People mean different things when they speak of single payer. Taiwan is the only true single payer system in the world. Our closest neighbor to the north is often describes as a single payer, but in Canada, there are 13 provincial and territorial health plans, with the federal government providing financial support. Moreover supplementary private insurance is growing in Canada and is important in most countries. Most doctors are private and hospitals are tightly-regulated government-funded institutions.
Single payer is different from universal healthcare. Universal healthcare implies that everyone has access to healthcare. Single payer suggests the government pays for the whole thing, so that the entire show is run centrally. So you can have a single payer that supports for-profit private facilities and doctors, or you could have a government-owned and administered health system. Moreover physician services, hospital care, long-term care, social services, community services, medications, mental health and dental care can all be funded by different mechanisms. Sometimes portions are not funded at all.
As in Canada, France has self-employed physicians billing a single payer. But there are gaps and balance billing is permitted, so 90% of the French carry supplementary private insurance. Except for people on public assistance, the patient pays the full bill for out-patient care and are very quickly reimbursed by the government. this allows some degree of market forces to influence prices, but generally prices are dictated by an official government fee schedule. Hospitals are entirely paid for at public (government-run) hospitals that account for 65% of French facilities. . The private hospitals are funded by a blend of public and private insurance payments.
Because supplementary insurance is a big part of the French healthcare system, it resembles a tiered medical system, with one set of rules for those on public assistance and another for those who can afford private supplementary insurance.
England of course has the NHS which covers about 90% of people. It is a classic two-tier system with 10% of the people carrying supplementary insurance. Most countries that offer universal healthcare have statutory tax-funded heath plans supplemented by private insurance. This includes Australia, New Zealand, Japan, Brazil, Denmark and many others. Many lower-income countries offer universal healthcare access to government-run facilities which offer limited services.
Germany has the oldest statutory health system that goes back to Bismarck in 1883, but there are hundreds of payers; insurance companies (sickness funds) that are highly regulated, much like utilities. Individuals have the choice to opt out of the public system and substitute private insurance, which 12% of Germans do. This is a two-tier multi-payer system.
Israel mandates that everyone sign up with one of four non-profit health plans funded by income taxes.

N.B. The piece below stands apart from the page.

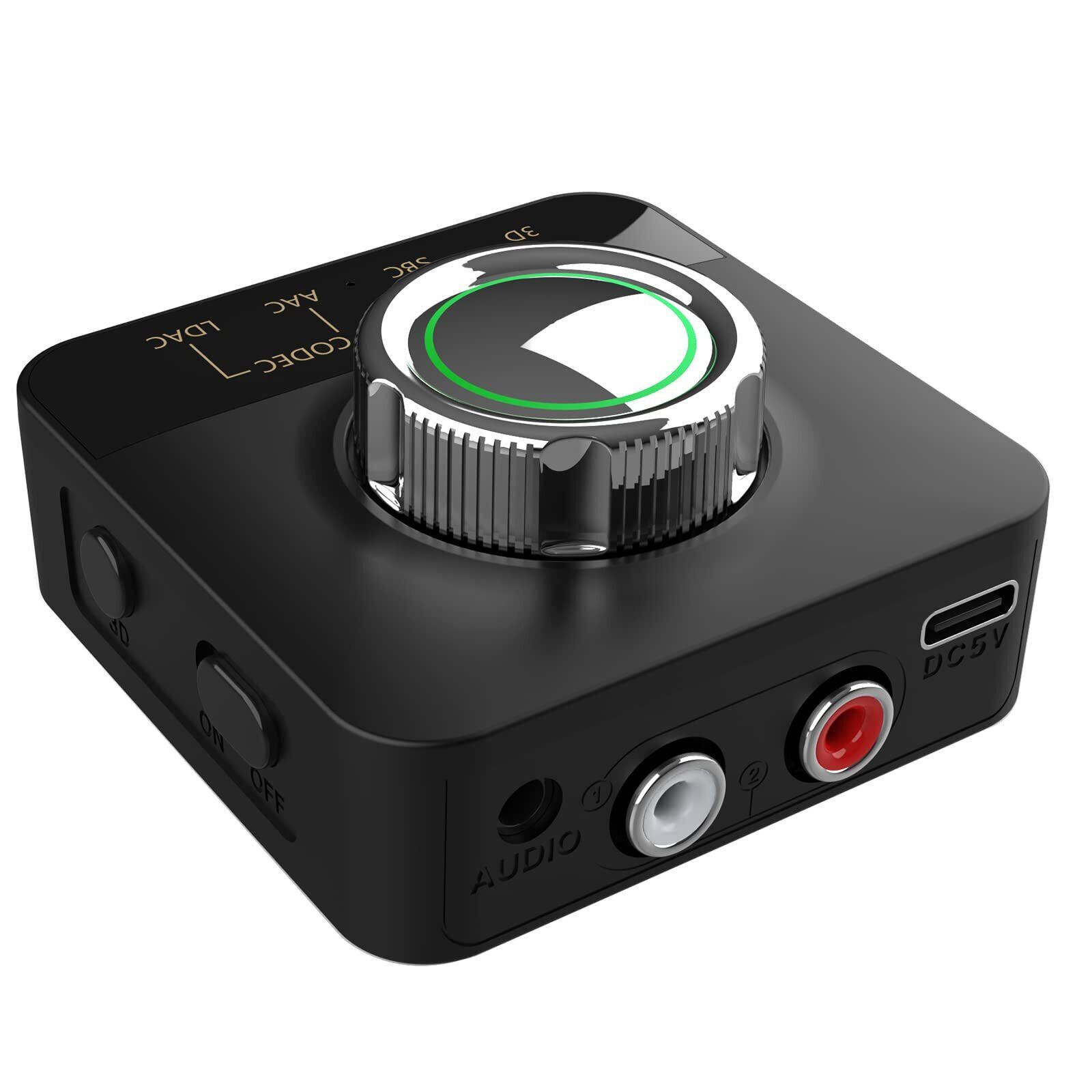 【3D 機能 】Bluetoothオーディオレシーバーの[3D]ボタンを押すと、3Dオーディオをオンまたはオフにできます。 3Dに切り替えると、緑色のLEDが点灯します。
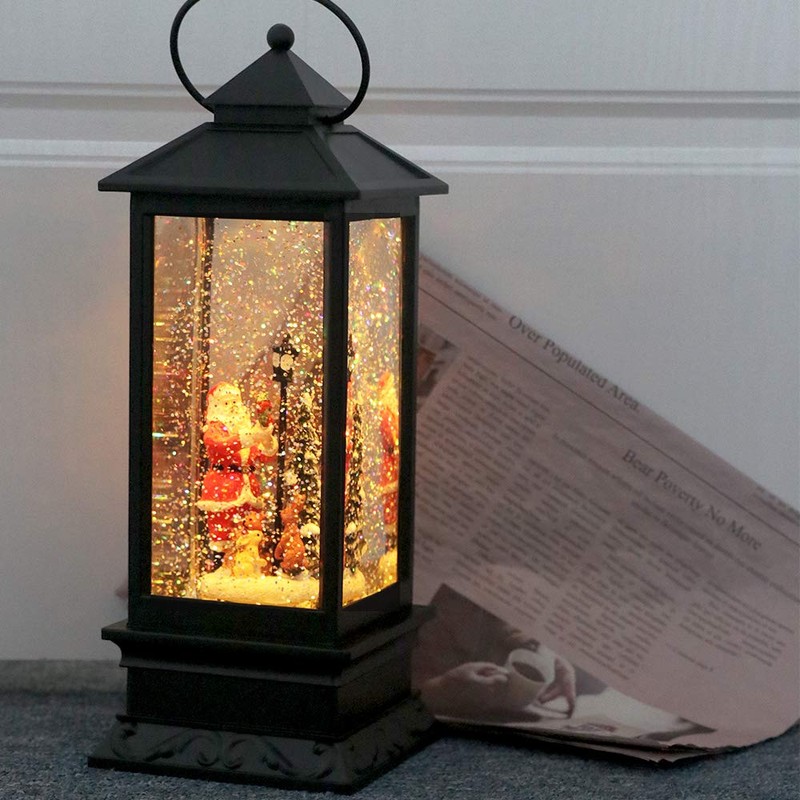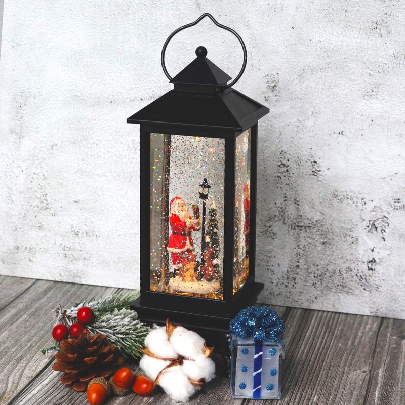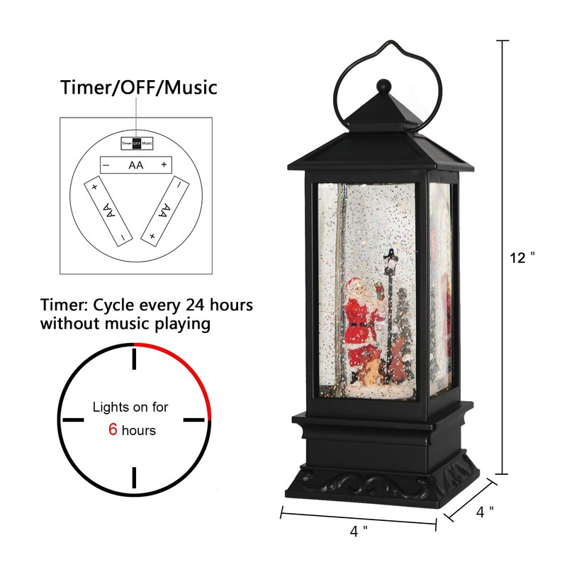 - ★WHAT YOU WILL GET: You will get 1 pcs Water Snow Globe Lantern with Santa Claus figurine in black color finish, which can be operated by USB cord (included) or 3 AA batteries( not included). Product dimension is 4" x 4" x 12"

Out of pocket expenditures account for 22% of healthcare spending, so copays are high.
In Sweden, local and regional authorities pay for all care, so technically, there are 21 different payers. In Norway, counties, municipalities and the central government share responsibilities for payments to different sectors, like GPs, specialists and hospitals. The Netherlands runs a hybrid public/insurance scheme where everyone is enrolled in the public system and about 80% supplement with private insurance.
India offers free healthcare to everyone at government operated facilities. These are not necessarily well-funded and most people use the parallel private system. Only 37% of Indians have insurance. Both access and quality of care vary tremendously from state to state.
Singapore has multiple funding streams, including one for large hospital bills, a health savings account and a safety net. People use their savings account to purchase insurance and to purchase services directly. Singapore relies on market mechanisms to keep costs down.
Japan has a mandated universal coverage from one of 1400 employment-based plans and 47 regional plans for the unemployed and elderly.
Taiwan is the only true mandated single-payer system in the world, where the central government funds private physicians and hospitals. There are still copays and out-of-pocket payments except for select populations, like government employees and low-income populations.
So there are a lot of ways to skin the healthcare cat. Designing a healthcare system that includes universal coverage is a slippery, squirmy sausage-making process.
The only way to secure universal healthcare is to mandate that everyone contributes tax revenue and has access, whether they want to or not. Opting out is problematic if people can opt back in when they become ill. That’s like calling the insurance company after the house is on fire. In the language of actuaries, this is called “adverse selection.”